I also have grief over my brother's death. My brother committing suicide in fact. I grieve the man that he would have become, I grieve every birthday past my 27th one that I am now older than my big brother. I grieve for the uncle that my son will never know, for the son that my parents lost, for the brother that will no longer be there for love and support.

And grief is a funny thing, it binds us all together. I was on the bus the other day and the bus driver just loves Seth. And she said that I was lucky to have him. And I am. But at that moment I didn't feel very lucky. I was sick, Seth and I were coming home from yet another doctors appointment, we were tired and hungry and not in a great mood at all, and this woman was telling me I was lucky.

And I ask her if she had any children. "Yes" she said, "a son. He's gone now". Her son passed away in a car accident when he was 20 years old. 20. 20 years old. So much life ahead of him gone. And I told her that my brother was gone as well, gone at 27, and we connected. Because we all know grief. It's a pain that never, ever goes away. Time doesn't heal all wounds. It still feels like a stabbing pain in my heart when I think of my brother, when I see the image of his face in my head.

So yes I am damn lucky to have my child. And I assured that woman that she would see her son one day, that he was just waiting up there for her, because that is what I truly believe. Don't ask me if I believe in Heaven or Hell, I couldn't truly tell you one way or the other, but I believe that those who love us are somewhere, and that they see us going through our lives.

I can't ever imagine what it must feel like to lose a child. I can't imagine how my mom feels and I can't imagine how that woman on the bus feels. But I do know that grief makes us human, feeling is one of those things that reassures me that I'm still alive, that I still have passion, that I still have a heart, that God is still with me. Because if I didn't feel I would be. I would cease to exist. Drew calls me a bleeding heart, I say let it bleed. I'm a sensitive, emotional person and I'd rather be this way than not feel at all.

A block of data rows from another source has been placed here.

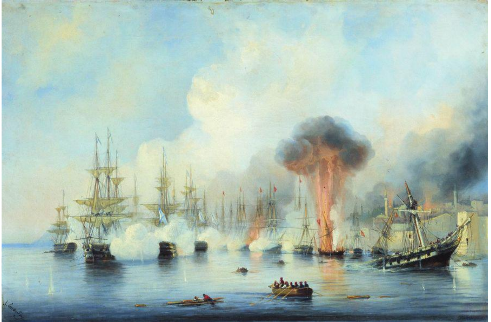
А. П. Боголюбов. «Синопский бой 18 ноября 1853 года».

В этом сражении турки потеряли 15 из 16 кораблей и свыше 3 тысяч человек убитыми и ранеными. В плен было взято около 200 человек, в том числе сам Осман-Паша и командиры трех кораблей.
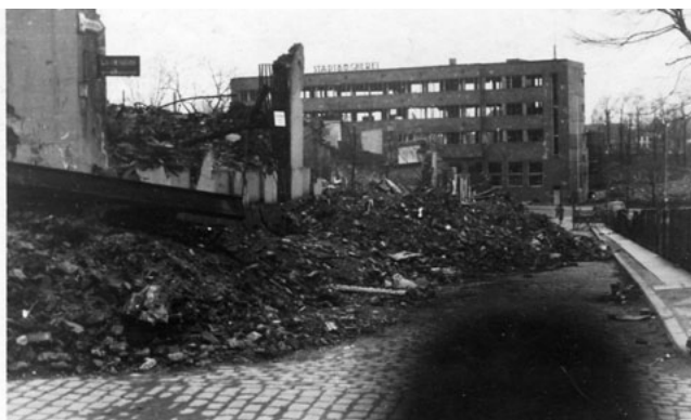
Il. 5. Zniszczona Biblioteka Miejska w Essen (1945)

Wybuch II wojny światowej oznaczał zasadnicze zmiany w funkcjonowaniu BM Essen, tj. podporządkowanie jej działalności „wojennym trybom”. W latach 1940–1941 przeprowadzono w niej zbiórki książek na rzecz tworzonych biblioteczek żołnierskich. Organizowano propagandowe wystawy wspierające ducha wojennego w społeczeństwie. Wojenne rygory, m.in. nakaz zaciemniania okien, spowodowały skrócenie czasu otwarcia Biblioteki do godz. 16.30. W wojennych latach paradoksalnie nastąpił rozwój sieci bibliotecznej (filie) oraz modernizacja już istniejącej. Urządzono m.in. nową wypożyczalnię oraz otwarto nową bibliotekę muzyczną 23 . Na polecenie centralnych władz BM Essen miała działać bez większych zakłóceń. Jedynie niewielka część (10 tys.) najbardziej wartościowych książek została przeniesiona do kazamatów koblenckiej twierdzy, bowiem obawiano się (i słusznie) ich zniszczenia wskutek alianckich bombardowań lotniczych. Tak też się zresztą stało. Największe straty przyniosły Biblioteczne bombardowania w dniach 5/6 i 12 marca 1943 r. Kolejny nalot, 26/27 marca 1943 r., spowodował całkowite spalenie budynku głównego. W wyniku działań wojennych zniszczeniu uległo łącznie 200 tys. tomów 24 – zob. Il. 5.
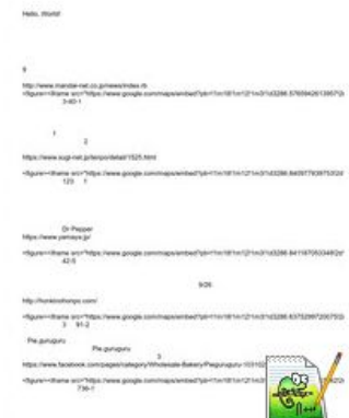
📁 香芝の新しいお店情報など.txt
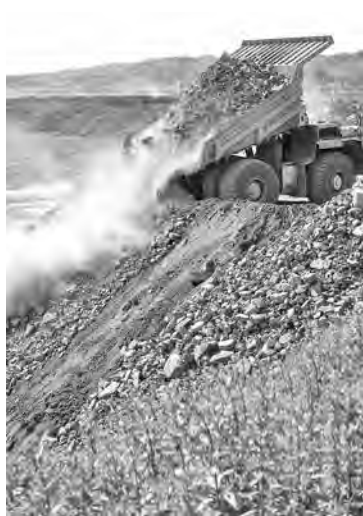
■ Для засыпки гидротвала впервые используется технология разгрузки под откос 320-тонных «БелАЗов».

лет у угольной компании строительство еще трех мощных современных фабрик: на Бачатском, Краснобродском и Моховском разрезах.
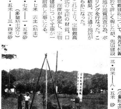
宝物館建設用地の様子
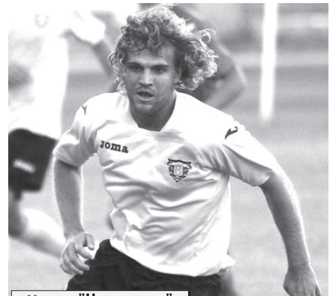
Из досье "Чемпиона"

- Не хотелось бы комментировать этот вопрос. Скажу лишь, что нам не хватало футболистов креативного плана. Каким в свое время был Андрей Аршавин или как сейчас Алан Дзагоев.
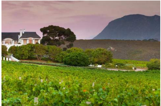
Weingut bei Hermanus
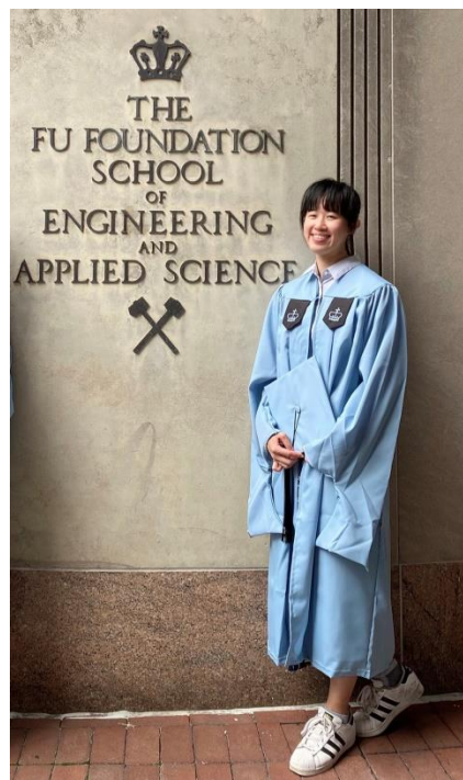
圖片 12、13 – 與校獅合照（左）、工學院門口（右）
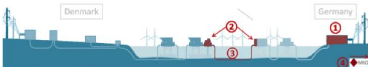
Figur 2: KF CGS-aktiver
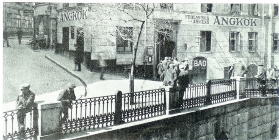
Het huis voor de mannen

Van dat schuchtere begin af ging het steeds Excelsior, in Gods kracht en gedreven door de liefde van Christus.
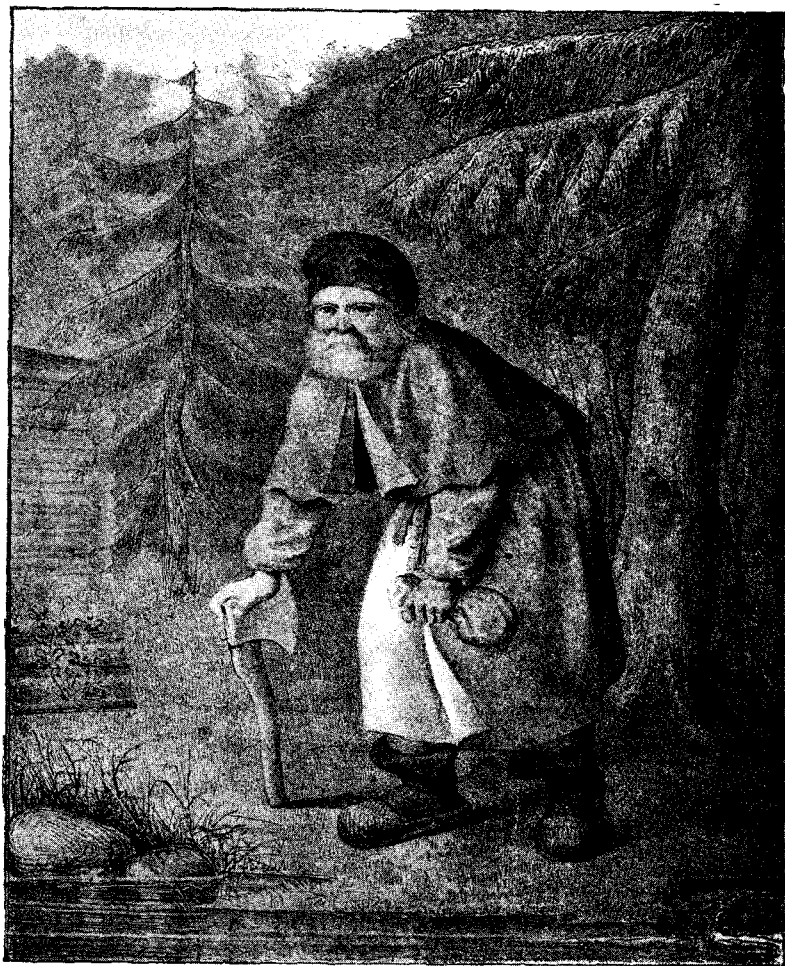
Изображеніе преп. Серафима. (Со старинной гравюры).
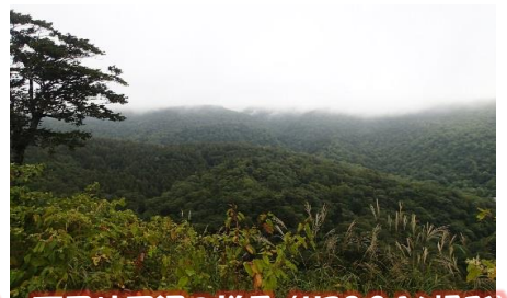
天風境周辺の様子 (H28.9.16撮影)
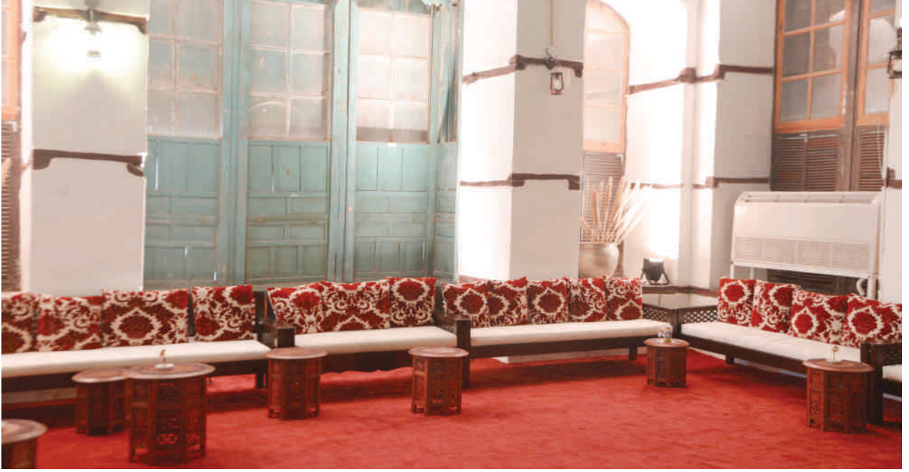
المجلس الخاص بجلالة الملك المؤسس
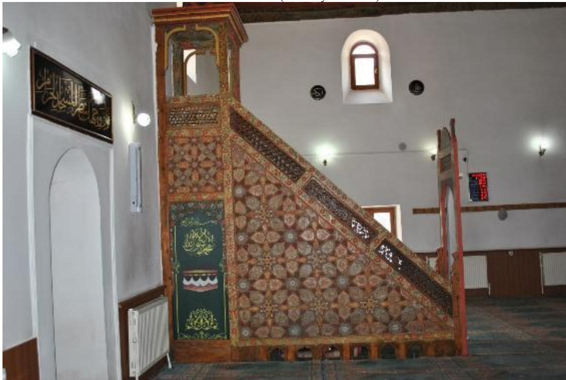
Resim 26: Minber dođu cephe
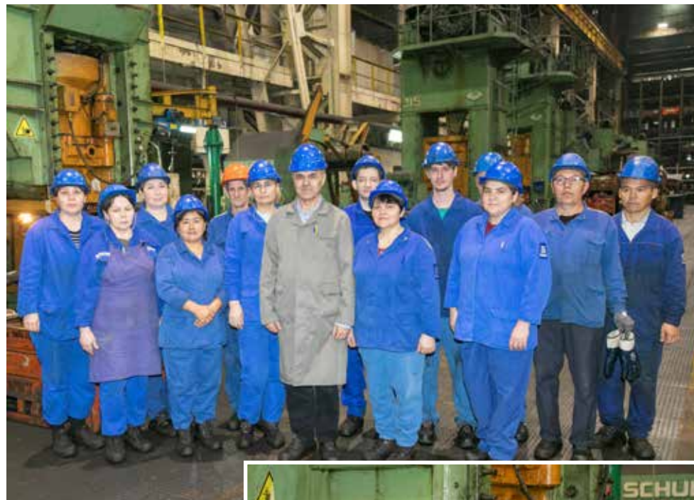
Бригада № 341 — одна из лучших и в прессовом цехе, и на ПРЗ

Поощряются также ответственность, исполнительность, инициативность. Награды за добросовестный многолетний труд здесь
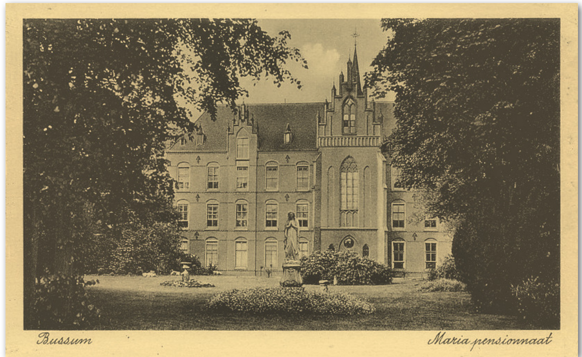
Marienburg omstreeks 1910

Na de bevrijding werd het klooster en pensionaat weer op dezelfde plaats voortgezet en volgde nog een bloeitijd die bekend staat als de nadagen van het Rijke Roomse Leven. Maar veel van wat er tot dan toe gewoon was, veranderde daarna in korte tijd
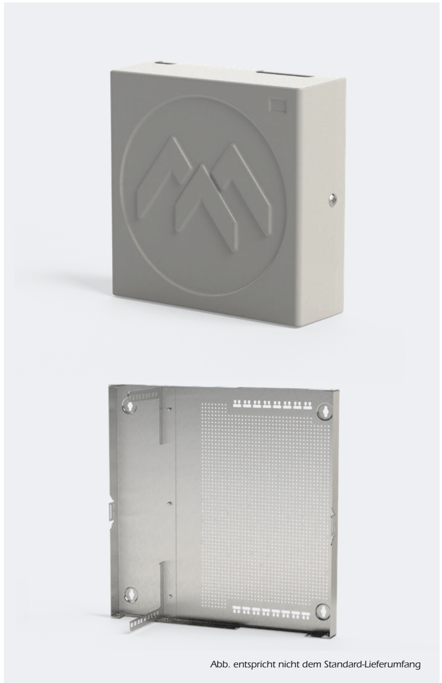
Abb. entspricht nicht dem Standard-Lieferumfang

So Seth and I got off that bus and Seth gave the bus driver kisses and waves and a hug. And I remembered something else, something so important to grief . . . . hope and life and love.

It reminds me that we grieve because we love so deeply. And I would feel grief a million times over again before ever giving up the feeling of love, because even though it hurts, even though your heart feels like it's never going to heal and there's a giant hole in it, love is always worth it.